The time is now, but where? Wyoming more than other neighboring states in the west, has had a recent surge of investor interest in the late fall of 2009. Wyoming has always been one of the best places to live in this country. According to a recent article in Forbes Magazine, Wyoming is the third best state to live in preceded only by Utah and Hawaii. The state has a surplus of cash due to its coal, oil and gas reserves. We have solid infrastructure and new schools in our smallest ranching communities. Wyoming does not tax personal income so if you have a profit center in a company with high income tax, this is the state to take residency. There is no state corporate income tax. Retirement is not taxed. Wyoming is a fractional assessment state which means property tax applies to only a fraction of the full market value of the property. The average property tax on three large ranches we have listed in Wyoming is approximately 32 cents per acre.
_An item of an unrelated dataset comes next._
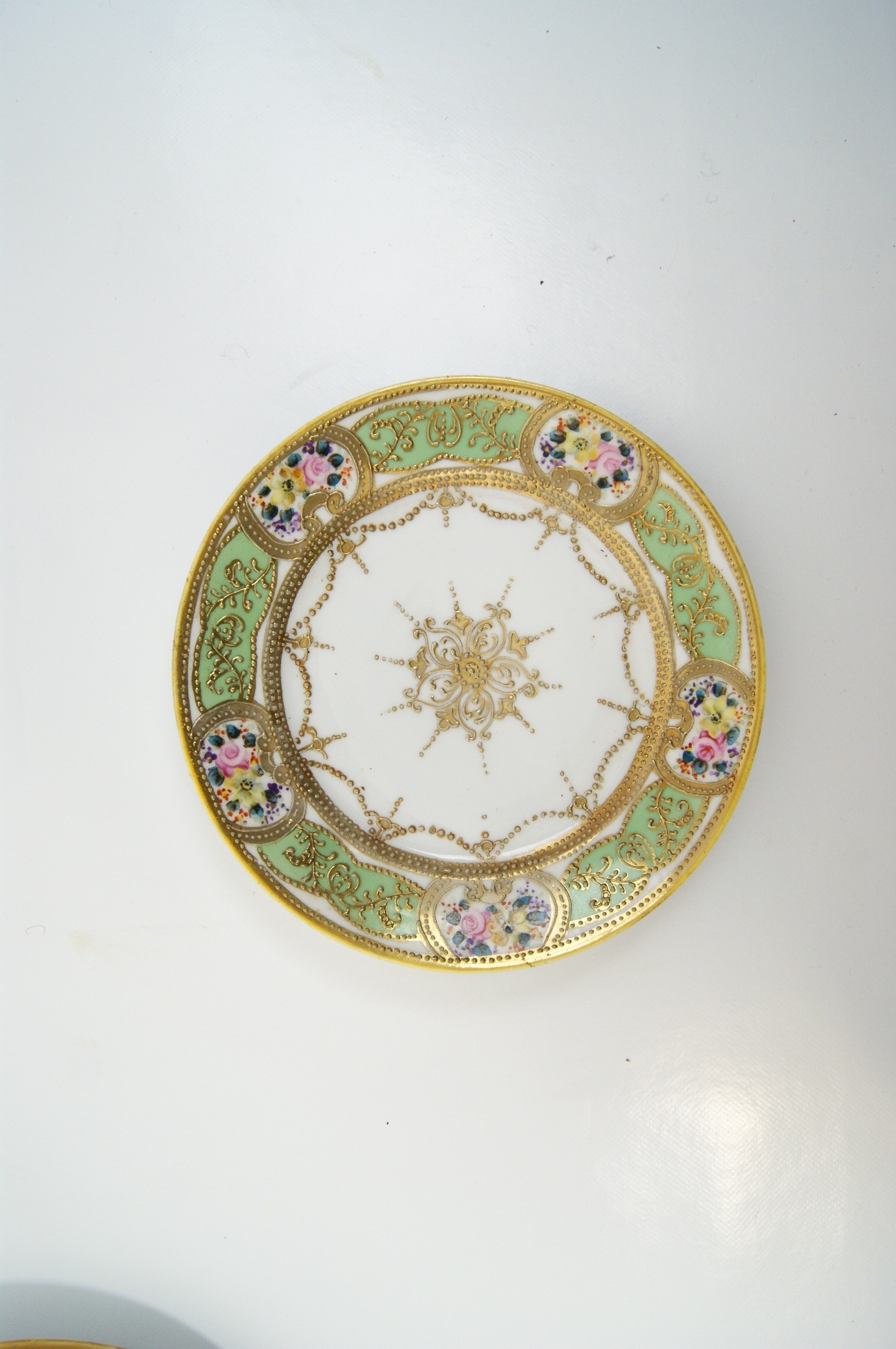 GDA Limoges Neoclassical Gilt and Floral Porcelain Plates

There also are several property tax relief programs available in Wyoming. The average price per deeded acre in Wyoming is still dramatically lower than in our neighboring states. Wyoming has a lower sales tax than Colorado. Wyoming also has lower property tax than Montana, and while Montana does not have a sales tax, it taxes income.

The western real estate markets are always the last to feel the effects of an economic recession, but they are also some of the first to come out of the recession. Why? As soon as buyers recover and regain confidence, they buy out west for long term investment and lifestyle. People steadily show interest in living and retiring in Wyoming. We're solid out here folks. Most of us would do anything to be able to live and raise our families here and we've been here six generations. What does that tell you? Take control of your investment, before it's too late. The time is now!